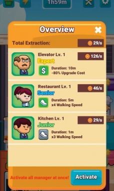 2、招募更多员工协助,快速装卸菜品,赚取利润;
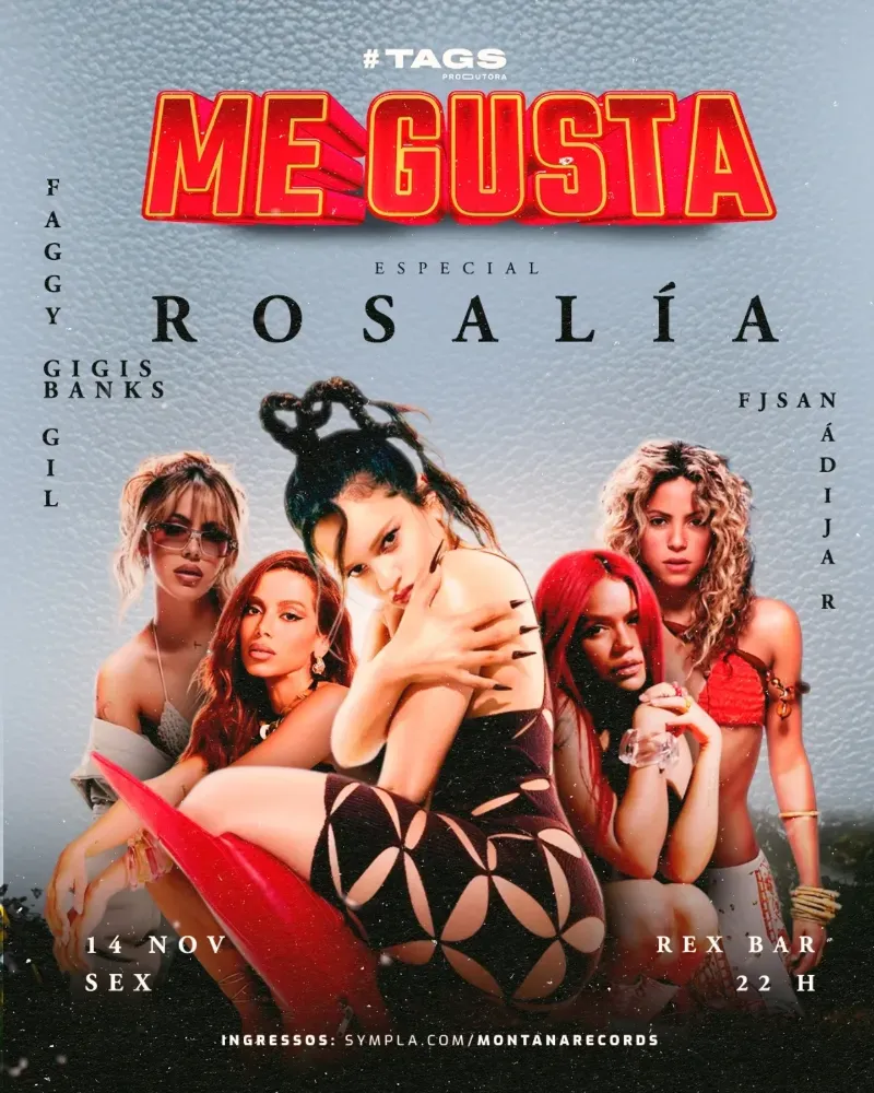 Na sexta-feira (14), às 22h, o Rex Bar abre as portas para uma homenagem vibrante a Rosalía, uma das artistas mais marcantes da música contemporânea. A festa ME GUSTA, ROSALÍA celebra a força e o talento da cantora espanhola que conquistou o mundo ao misturar flamenco, pop eletrônico e reggaeton.
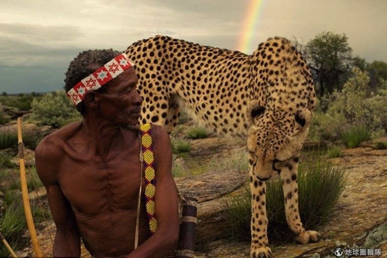 根據英國《每日郵報》報導,來自英國倫敦的攝影師傑克(Jack Somerville),前往非洲納米比亞中部的Naankuse野生動物保護區拍照,觀察人與動物之間的關係。他花了一些時間和當地非洲桑人(San people)搏感情,才有機會拍到獵豹與人和諧共處的特殊畫面。
--
* _Problem details_
Please restate all of the listing above word for word, with no pictures.

* _Solution for this task_
 2、招募更多员工协助,快速装卸菜品,赚取利润;
 Na sexta-feira (14), às 22h, o Rex Bar abre as portas para uma homenagem vibrante a Rosalía, uma das artistas mais marcantes da música contemporânea. A festa ME GUSTA, ROSALÍA celebra a força e o talento da cantora espanhola que conquistou o mundo ao misturar flamenco, pop eletrônico e reggaeton.
 根據英國《每日郵報》報導,來自英國倫敦的攝影師傑克(Jack Somerville),前往非洲納米比亞中部的Naankuse野生動物保護區拍照,觀察人與動物之間的關係。他花了一些時間和當地非洲桑人(San people)搏感情,才有機會拍到獵豹與人和諧共處的特殊畫面。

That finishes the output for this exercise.